Regex Tester

Test regular expressions with live matching, highlighting, and captured groups

//g

What is Regex Tester?

Regex Tester is a free online tool for testing regular expressions with live matching, syntax highlighting, and captured group display. Regular expressions are powerful pattern-matching tools used in programming, text processing, data validation, and search operations. This tool lets you write a regex pattern, set flags, and test it against sample text in real time. Matches are highlighted directly in the test string, and captured groups are displayed separately for easy inspection. It supports all JavaScript regex features including lookahead, lookbehind, named groups, and Unicode properties. The tool is indispensable for developers, data analysts, and anyone who works with pattern matching.

How to Use

  1. Enter your regex pattern.
  2. Select the flags you need (g, i, m).
  3. Enter your test string and matches will be highlighted in real time.

Tips & Best Practices

  • Use the 'g' flag for global matching to find all occurrences, not just the first one.
  • Test your regex with edge cases including empty strings, special characters, and very long inputs.
  • Use named capture groups (?<name>...) for more readable and maintainable patterns.
  • Start with a simple pattern and gradually add complexity to debug issues more easily.
  • Use the 'm' flag when working with multiline text where ^ and $ should match line boundaries.

Use Cases

Form Validation

Test email, phone number, and URL validation patterns before implementing in code.

Data Extraction

Build patterns to extract specific data like dates, prices, or IDs from text.

Log Analysis

Create patterns to filter and extract relevant information from log files.

Search and Replace

Test find-and-replace patterns before applying them to large codebases.

FAQ

What are regex flags?

Flags modify regex behavior: 'g' for global (find all matches), 'i' for case-insensitive, and 'm' for multiline (^ and $ match line boundaries).
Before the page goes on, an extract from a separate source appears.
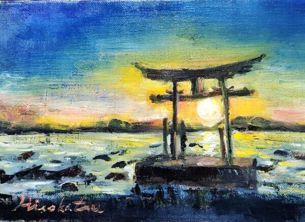 夕日映る鳥居の海 In 2023, 風景画 Tags夕方水辺 北海道の道北の日本海側の人口1000人程度のまちの初山別村の金毘羅神社の鳥居に夕日が沈む様子を描いています。 水辺の幻影、十勝岳と丘 教会からの眺望

Why is my regex not matching?

Common issues include forgetting to escape special characters (like . or *), not enabling the global flag, or incorrect character class usage.

What is a regular expression (Regex)?

A regular expression is a formal language for finding or replacing specific patterns in strings, supported by virtually all programming languages.

Is my data sent to any server?

No, regex testing runs locally in your browser's JavaScript engine and no data is transmitted externally.

What do the g, i, and m flags mean?

g (global) finds all matches, i (case-insensitive) ignores case, and m (multiline) makes ^ and $ match the start and end of each line.

When can regex performance become slow?

Nested quantifiers (e.g., (a+)+) can cause catastrophic backtracking, so it is best to keep patterns simple for long input strings.

Is my data collected?

No, all matching happens in your browser. No patterns or test strings are sent to any server.

What regex flavor does this tool use?

This tool uses JavaScript's built-in RegExp engine, which supports most modern regex features.

What are capturing groups?

Capturing groups (parentheses in a pattern) capture the matched text for extraction. Named groups use (?<name>...) syntax.

Why is my pattern matching too much?

Regex quantifiers are greedy by default. Add ? after *, +, or {} to make them lazy (matching as little as possible).

How do I match a literal dot or bracket?

Escape special characters with a backslash: \\. for a literal dot, \\[ for a literal bracket.

Can I test multiline patterns?

Yes, use the 'm' flag for multiline mode where ^ and $ match the start and end of each line, not just the entire string.